### Your instructions
Span requested from the data below: the line with "新建遮陽擋雨棚項目效果圖(左)與現(xiàn)場圖(右)" through the line with "Alors j’ai craqué", both included. Give only these lines again, exactly, and leave every picture out.

### Recorded data

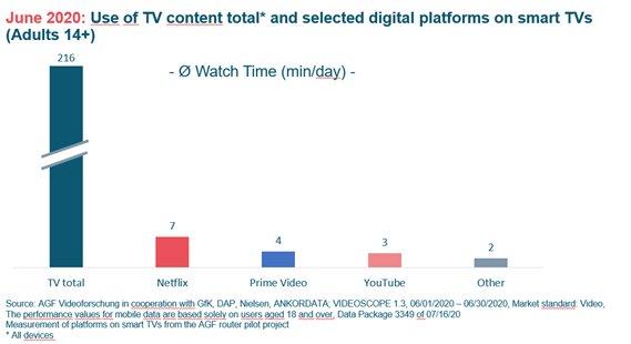 In the first report for the month of June 2020 available now, Netflix reached an average daily watch time of 7 minutes on smart TVs among viewers aged 14 and older. Amazon’s streaming service Prime Video was watched on TV sets for a daily average of 4 minutes, YouTube for 3 minutes. By comparison, this target group’s average usage of TV content (linear and non-linear) across all terminal devices in June was 216 minutes per day. “Thus, traditional TV content accounts for the greatest share of use by far,” said Kerstin Niederauer-Kopf. AGF also wants to measure the use of streaming services on other Internet-capable terminal devices in the future.
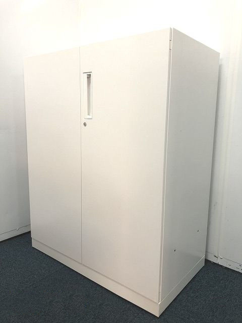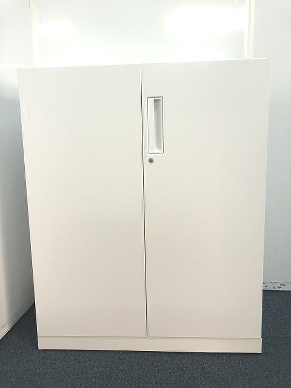 【収納物がひとめで分かる両開き戸タイプ!】■コクヨ(KOKUYO)製 エディア(EDIA)シリーズ 両開き書庫 ローキャビネット H1130㎜ ■天板・ベース付 ■ホワイト ■シリンダー錠
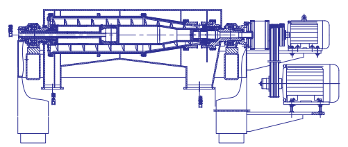 當尾泥懸浮液進入離心機轉鼓腔后,被高速旋轉的轉鼓 帶動一起高速旋轉,因而懸浮液將受到強大的離心力作用。 懸浮液中的固相顆粒由于比重大,所受離心力也較大,因此 固相貼近于鼓壁,形成料環層,而液相密度小,所受離心力 亦小,在固環層內側形成液環層。由于螺旋刮刀與轉鼓的轉 速不同(螺旋滯后),因此螺旋刮刀將沉積在轉鼓內壁的固 相推向轉鼓小端渣口排出,而液相則從轉鼓大端的溢流口排出。
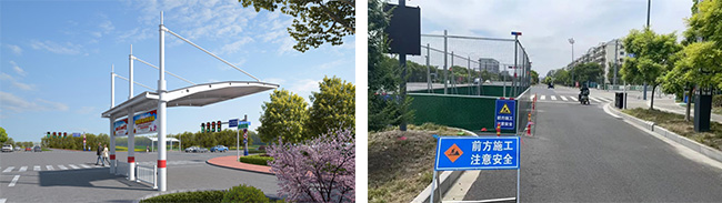 新建遮陽擋雨棚項目效果圖(左)與現(xiàn)場圖(右)
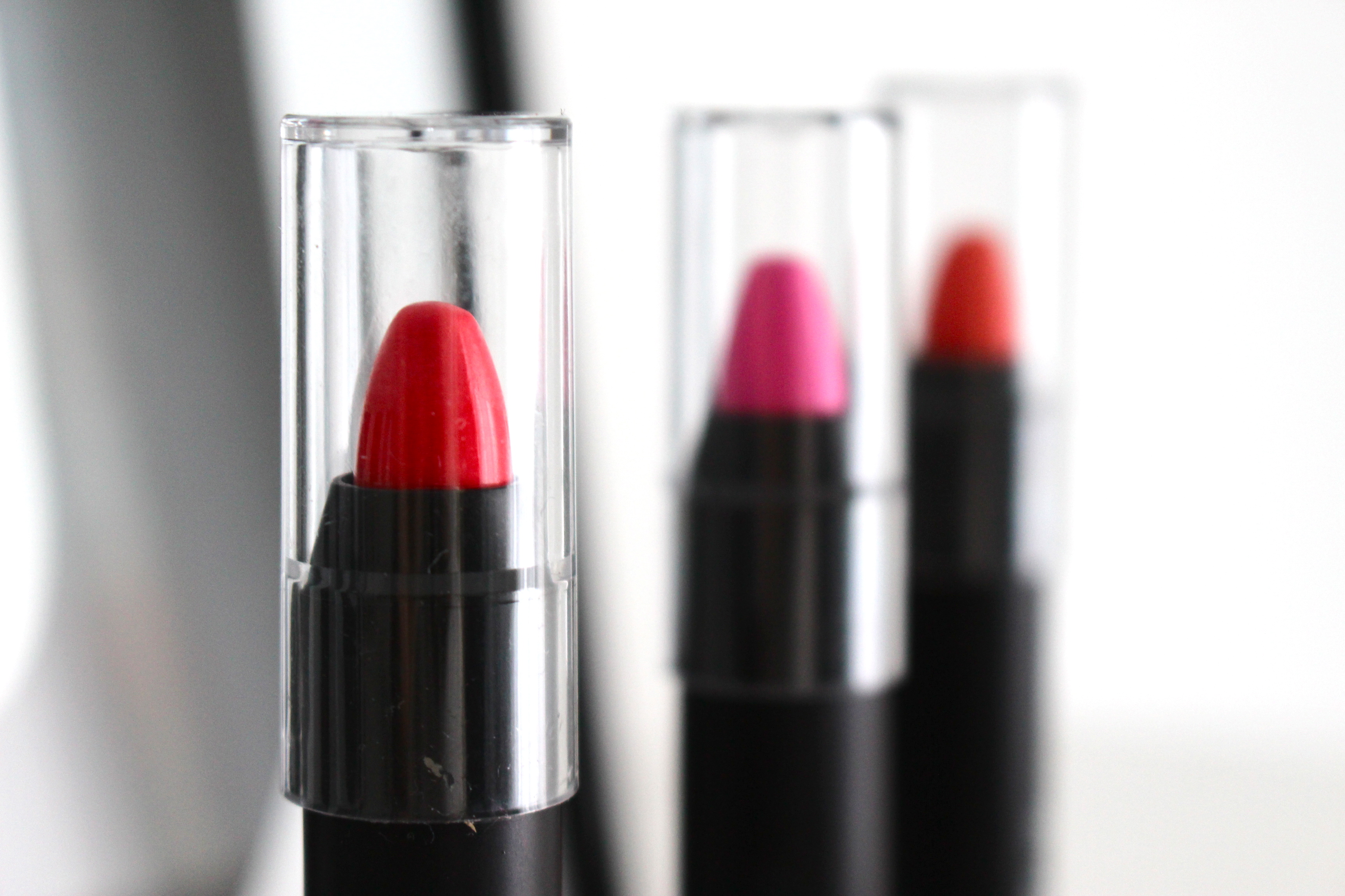 Alors j’ai craqué pour 3 teintes, bien que soyons honnête j’avais clairement envie de TOUS les mettre dans mon panier. Cela n’aurait pas été raisonnable (ombre de lucidité) de craquer sur toute la gamme ne connaissant pas le produit… (je regrette déjà!) Me voilà donc avec un rose « Pout about pink » et non « prout about pink » appelé sur le site « Pink martini », un rouge framboise « Heatwave » et orange « Tropical punch », à la tienne!
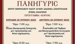 Το Εκκλησιαστικό Συμβούλιο του Ι.Ν. Αγ. Τρύφωνος Καματερού έχει την τιμή και την χαρά να σας προσκαλέσει στις λατρευτικές εκδηλώσεις που θα διεξαχθούν επ' ευκαιρία της εορτής της μνήμης του Αγίου Μεγαλομάρτυρος Μεδίκου του αναργύρου ιατρού, την 25η και 26η Ιουνίου κατά το παρακάτω πρόγραμμα:

### Solution
 新建遮陽擋雨棚項目效果圖(左)與現(xiàn)場圖(右)
 Alors j’ai craqué pour 3 teintes, bien que soyons honnête j’avais clairement envie de TOUS les mettre dans mon panier. Cela n’aurait pas été raisonnable (ombre de lucidité) de craquer sur toute la gamme ne connaissant pas le produit… (je regrette déjà!) Me voilà donc avec un rose « Pout about pink » et non « prout about pink » appelé sur le site « Pink martini », un rouge framboise « Heatwave » et orange « Tropical punch », à la tienne!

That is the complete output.